Автор: Лейкин Николай Александрович

 

 

H. А. ЛЕЙКИНЪ.

ГОЛУБЧИКИ
РАЗСКАЗЫ
съ рисунками художника А. И. Лебедева.

Премія къ журналу «Осколки» за 1889 годъ.

С.-ПЕТЕРБУРГЪ.
Типо-Литографія Р. Голике, Троицкая улица, No 18
1889.

 

КОРОЛЕВА ВЪ ТРАГЕДІИ.

Онъ хмурилъ чело и брови, и перебиралъ у себя въ кабинетѣ бумаги, сидя за большимъ дѣловымъ письменнымъ столомъ. Это былъ крупный породистый старикъ съ лысиной отъ лба до затылка и съ густыми сѣдыми бакенбардами, напоминающими рыбьи плавательныя перья. Одѣтъ онъ былъ въ темнозеленый шелковый халатъ и курилъ сигару. Вицмундиръ со звѣздой на бортѣ лежалъ невдалекѣ отъ него на стулѣ. Распахнулась тяжелая портьера и вошла она. Такъ входятъ королевы въ трагедіяхъ: гордо, величественно. Это была тоже крупная женщина съ сильно развитой грудью, съ полнымъ станомъ, съ черными дугообразными бровями и носомъ съ легкой горбинкой. Шурча чернымъ шелковымъ платьемъ, она опустилась въ кресло около письменнаго стола. Онъ поднялъ на нее глаза и какъ-то сдѣлался ниже на своемъ стулѣ. Строгость лица и осанистость пропали. Брови пришли въ нормальное положеніе. Онъ ждалъ грозы.
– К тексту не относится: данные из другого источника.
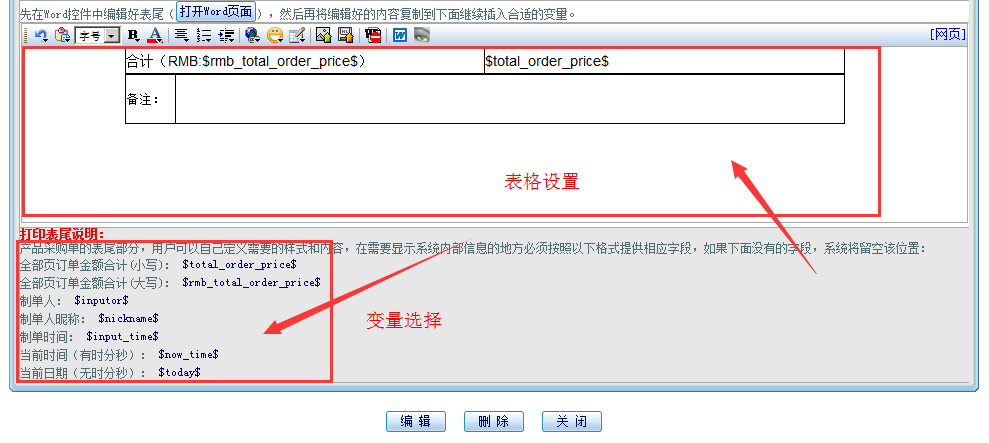 第四部分:表尾表格设置、表尾变量设置,如下图所示:

— Что, матушка? Ты мнѣ сказать что-нибудь хочешь? спросилъ онъ заискивающимъ тономъ.

— Во-первыхъ, я вамъ не матушка. Сколько разъ я вамъ говорила, чтобы вы не смѣли меня такъ называть, отвѣчала она. Лицо ея сдѣлалось строго. Даже пушокъ на верхней губѣ почернѣлъ. Онъ молчалъ и только вопросительно смотрѣлъ на нее, отложивъ въ сторону карандашъ; которымъ до сихъ поръ дѣлалъ какія-то помѣтки на бумагахъ.

— Я пришла вамъ сказать, что я въ Завитаевку на лѣто не поѣду, твердо и рѣшительно произнесла она.
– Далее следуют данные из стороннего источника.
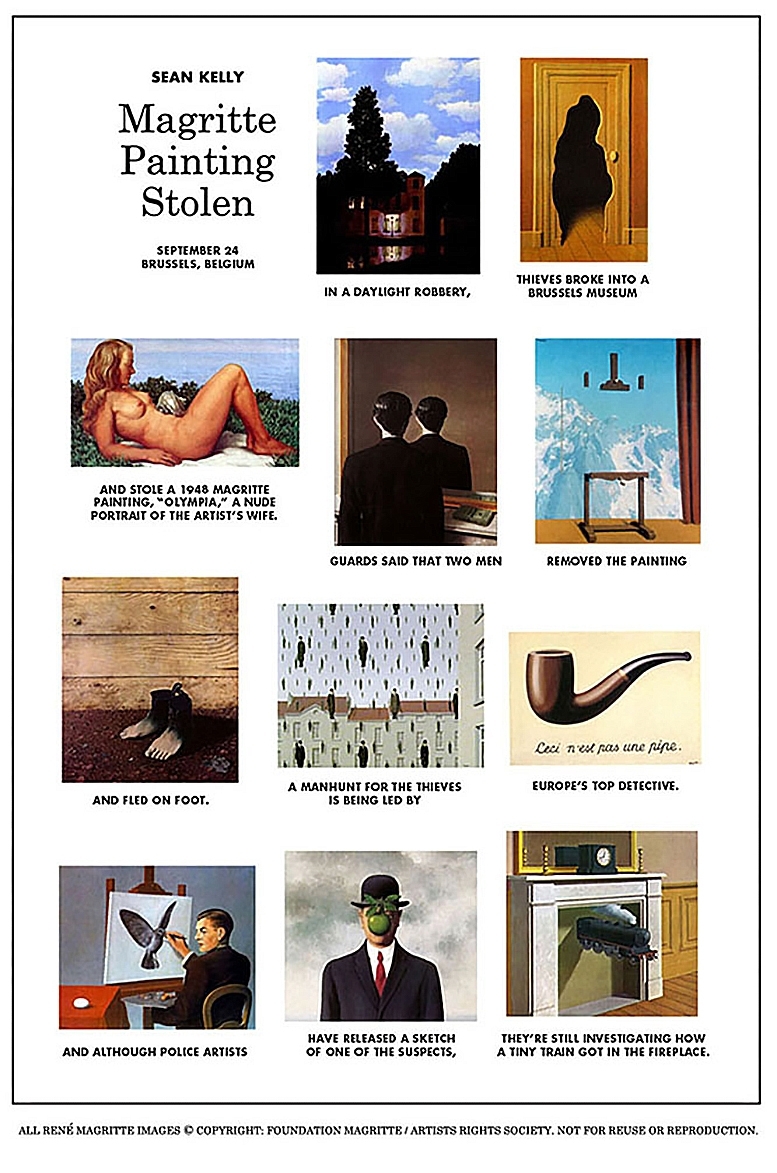 Αυτή η ασυνήθιστη ιστορία θα μπορούσε κάλλιστα να αποτελέσει το υλικό μιας αστυνομικής ταινίας (με χάπι εντ για να κόψει εισιτήρια). Έγινε, πάντως, το σενάριο ενός υβριδικού «ρεπορτάζ», από τον Αμερικανό Σον Κέλι. Διάσημος πολιτικός γελοιογράφος και σατιρικός συγγραφέας, συνεργάτης μεγάλων εφημερίδων όπως οι New York Times, Los Angeles Times, Washington Post κ.ά., ο Κέλι είναι γνωστός και για τα βραβευμένα έργα του στον τομέα της οπτικής δημοσιογραφίας. Την πρακτική αφήγησης ιστοριών για την επικοινωνία ειδήσεων και πληροφοριών, με τη χρήση εικόνων, γραφιστικών και άλλων στοιχείων, όπως το βίντεο, τα κινούμενα σχέδια και άλλες οπτικοποιήσεις δεδομένων. Ανταποκρινόμενος στην αυξανόμενη ζήτηση για αυτήν την πολυμεσική προσέγγιση στην ψηφιακή εποχή, ο Σον Κέλι απέδωσε το χρονικό της συγκεκριμένης κλοπής με χιούμορ σουρεαλιστικά εφάμιλλο του Μαγκρίτ. Η εξιστόρηση των γεγονότων, με ύφος που παραπέμπει σε αστυνομικό ρεπορτάζ, κατανέμεται σε 11 διάσημους πίνακες του ζωγράφου. Τα έργα συνδέονται με την αφήγηση, δημιουργώντας ένα πρωτότυπο κόμικς με την ακόλουθη σειρά:

Такъ говорятъ тоже королевы, вышедшія въ трагедіяхъ на сцену.

— Не поѣдешь? Но наши обстоятельства, mon ange… попробовалъ онъ возразить.

— Какъ можно меньше возраженій… остановила она его.

— Нельзя же, другъ мой, безъ возраженій. Ну, посуди сама. Вѣдь я рѣшилъ отправить васъ въ Завитаевку, чтобы сколько-нибудь поправить наши обстоятельства. Тамъ жизнь дешевле. Мы можемъ убавить прислугу, тебѣ и дочерямъ не потребуется такое количество модныхъ нарядовъ, можемъ отказать извозчику насчетъ лошадей. Повторяю, это дѣлается ради поправленія обстоятельствъ.

— Вы все сказали? спросила она.

— Да — а…

— Обстоятельства поправляются не такъ.

— Какъ же, другъ мой?

— Умомъ, а не затворничествомъ жены и дочерей. Вы забываете, что у васъ старшая дочь невѣста. Ей нуженъ свѣтъ, приличное общество молодыхъ людей, а не затворничество въ старой развалившейся усадьбѣ съ выбитыми стеклами въ окнахъ, гдѣ по комнатамъ даже летучія мыши летаютъ.

— Ну, насчетъ летучихъ мышей ты, положимъ, преувеличиваешь, что же касается до разбитыхъ стеколъ, то ихъ по пріѣздѣ на мѣсто сейчасъ же можно приказать вставить. Разбито очень немного. Тамъ вы отдохнете отъ суеты…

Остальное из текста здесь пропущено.